Clinical effects of mast cell activation are common,
including pruritus, flushing, urtication, abdominal pain, nausea, and vomiting.
The diagnosis is confirmed by a bone marrow biopsy showing increased
numbers of spindle-shaped mast cells that express CD2 and CD25.
What is urticaria pigmentosa?
Urticaria pigmentosa is the most common skin manifestation
of mastocytosis. It may occur as an isolated skin finding. It appears as small,
yellow-tan to reddish brown macules or raised papules that urticate on
scratching (Darier sign). This sign can be masked by antihistamines
The diagnosis is confirmed by a skin biopsy that shows
increased numbers of dermal mast cells.
What is Muckle-Wells syndrome?
It is a rare Autosomal dominant disorder characterized by
recurrent urticaria like lesions with arthritis. It appears in adolescence with
progressive nerve deafness, fever and elevated ESR.
Familial cold autoinflammatory syndrome is characterized by
a cold-induced rash that has urticarial features but is rarely pruritic. Cold
exposure leads to additional symptoms such as conjunctivitis, sweating,
headache, and nausea. Patient longevity is usually normal.
What are the differential diagnosis?
Viral exanthem – non-pruritic
Auriculotemporal syndrome—non-pruritic
Sweet syndrome – painful rather than pruritic and long-lasting
plaques. Fever, arthralgia may be present.
Atopic dermatitis—ill-defined border with scaling and
persists for prolonged duration
Contact dermatitis -- present in area of contact, vesicle
may be present
Drug eruptions
How do we treat urticaria?
Acute urticaria in most cases resolve spontaneouslyChronic urticaria require treatments.
What are the commonly used pharmacological agents?
Histamine antagonist and steroids
Which antihistamines (H1 blockers) are prescribed?
Second generation antihistamines are usually preferred as they
are-
Non-sedating
Lack anticholinergic effects
Less drug interactions
Less frequent dosing
No data demonstrate that any specific agent is more
effective than another for the treatment of acute urticaria, although a few
studies in patients with chronic urticaria suggest that cetirizine levocetirizine
may be modestly more effective than other agents.
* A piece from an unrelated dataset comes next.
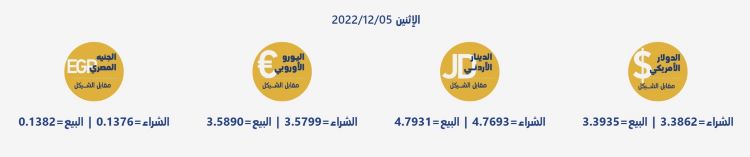 رام الله 5-12-2022 وفا- جاءت أسعار العملات مقابل الشيقل الإسرائيلي، اليوم الإثنين، حسب سلطة النقد، على النحو التالي:

What is the role of H2 blocker antihistamines?
Some of the physicians prescribe combination of H1 and H2
blockers in cases of urticaria.
The 3-drug combination of H1 and H2 antihistamine with a
leukotriene receptor antagonist (montelukast) is helpful for many patients.
What is the role of steroids?
If hives persist after maximal H1 - and/or H2 -receptor
blockade has been achieved, a brief course of oral corticosteroids may be
considered, but long-term steroid use is best avoided.
OMALIZUMAB HAS BEEN APPROVED FOR REFRACTORY CHRONIC URTICARIA TREATMENT IN CHILDREN ABOVE 12 YEARS AND ADULT
How do we treat cold urticaria?
Cyproheptadine in divided doses is the drug of choice for
cold-induced urticaria.
How do we treat dermatographism?
Treatment of dermatographism consists of local skin care and
antihistamines; for severe symptoms, high doses may be needed.